When it comes to tracking the economy there are countless indicators out there. However, not all of them are worth tracking on a regular basis. There are various indicators that gauge the health of the economy and that are important especially when relating to the stock market. Typically, what s good for the economy is good for stocks. As a trader you will need to know what to look for so you can use the indicators we are going to discuss to measure where we are in the economic cycle.
Rising or falling commodity prices reflect current economic conditions. However, the best way to tell what the future holds is to look at rates of change in commodity prices. By anticipating major changes you can be on the right side of the market before the public recognizes a change in the economic conditions. Basically if you are a step ahead of the public, you can increase your profit potential.

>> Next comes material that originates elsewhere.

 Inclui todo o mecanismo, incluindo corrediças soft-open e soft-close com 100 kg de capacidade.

For equity investors, a good way to pinpoint the direction of inflation is to compare year-over-year rates of change between producer and consumer prices. When producer prices are rising faster than consumer prices, consumer prices will usually heat up as well. On the other hand, when producer prices are trailing, inflation at the consumer level will soon tail off.

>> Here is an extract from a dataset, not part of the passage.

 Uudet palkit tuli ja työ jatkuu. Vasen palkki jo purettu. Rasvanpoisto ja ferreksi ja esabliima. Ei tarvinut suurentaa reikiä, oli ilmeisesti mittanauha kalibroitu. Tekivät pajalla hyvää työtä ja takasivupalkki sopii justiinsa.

Stock traders should also take a look at employment. The most reliable number for the stock markets is unemployment insurance claims, which is released every Thursday morning. When unemployment insurance claims are rising, the economy will not overheat. There is also less upward pressure on wages, which is inflationary. Falling unemployment insurance claims are negative for the economy. This often signals that little room is remaining for continued economic growth. Pressure on wages is increased, making way for rising inflation.
It is essential that a stock market trader monitor interest rates. Interest rates represent the cost of money. When interest rates are low, borrowing to expand operations is inexpensive. When interest rates are high the cost of borrowing is high. Falling interest rates are good for stocks, since lower yields mean less demand for money and lower inflationary expectations. However, when bonds are higher than they were the 12-months before, the economic climate for stocks is unfavorable. The relationship is pretty simple: what s good for the economy is good for the stocks.

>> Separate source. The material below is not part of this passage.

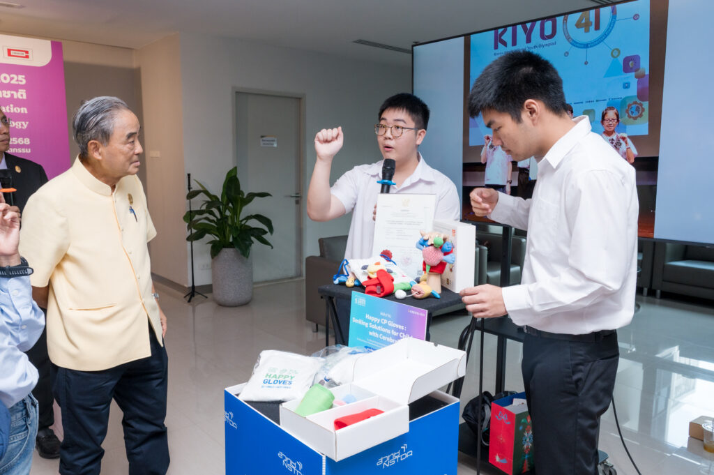 ภายในงานแถลงข่าวได้มีการจัดแสดงผลงานเด่นที่ได้รับรางวัลจากงาน i-CREATe 2024 ณ นครเซี่ยงไฮ้ ประเทศสาธารณรัฐประชาชนจีน อาทิ ผลงาน Happy CP Gloves: Smiling Solutions for children with cerebral ถุงมือนวัตกรรมสำหรับเด็กที่มีภาวะสมองพิการ (Cerebral Palsy) ช่วยลดอาการเกร็งของมือที่อาจทำให้เล็บจิกฝ่ามือจนเกิดบาดแผล และป้องกันกระดูกนิ้วและข้อมือบิดงอ โดย โรงเรียนสาธิตจุฬาลงกรณ์มหาวิทยาลัย ฝ่ายมัธยม โรงเรียนสาธิตมหาวิทยาลัยศรีนครินทรวิโรฒ ปทุมวัน และโรงเรียนเตรียมอุดมศึกษา ได้รับรางวัลเหรียญทอง ชนะเลิศอันดับที่ 1 ประเภทการออกแบบ (Design) และผลงาน ALL Wheelchair: AI Motion Tracking System for Monitoring Health and Activity ระบบติดตามการเคลื่อนไหวด้วย AI พร้อมเกมที่ควบคุมด้วยการเคลื่อนไหวสำหรับผู้ใช้งานวีลแชร์ เพื่อส่งเสริมการทำกิจกรรมทางกายและติดตามสุขภาพ โดย คณะสหเวชศาสตร์ และ คณะวิศวกรรมศาสตร์ มหาวิทยาลัยธรรมศาสตร์ ได้รางวัลเหรียญเงิน ชนะเลิศอันดับที่ 2 ประเภทเทคโนโลยี (Technology)

Finally, a good stock market analyst needs to track the money supply. M2 is a broad definition of the money supply, which includes: all cash in circulation, demand deposits and money market accounts. M2 is a measure of liquidity, reflecting the economy s ability to expand. The analyst needs to examine the year-over-year change. When the money supply is growing, the economy has room to expand. That s good for stocks. When money supply growth slows, the economy is running out of room to expand which is bad for stocks.
Keep these indicators in mind when putting together your broad market analysis because they will help you immensely. As a result your overall stock market timing will dramatically improve.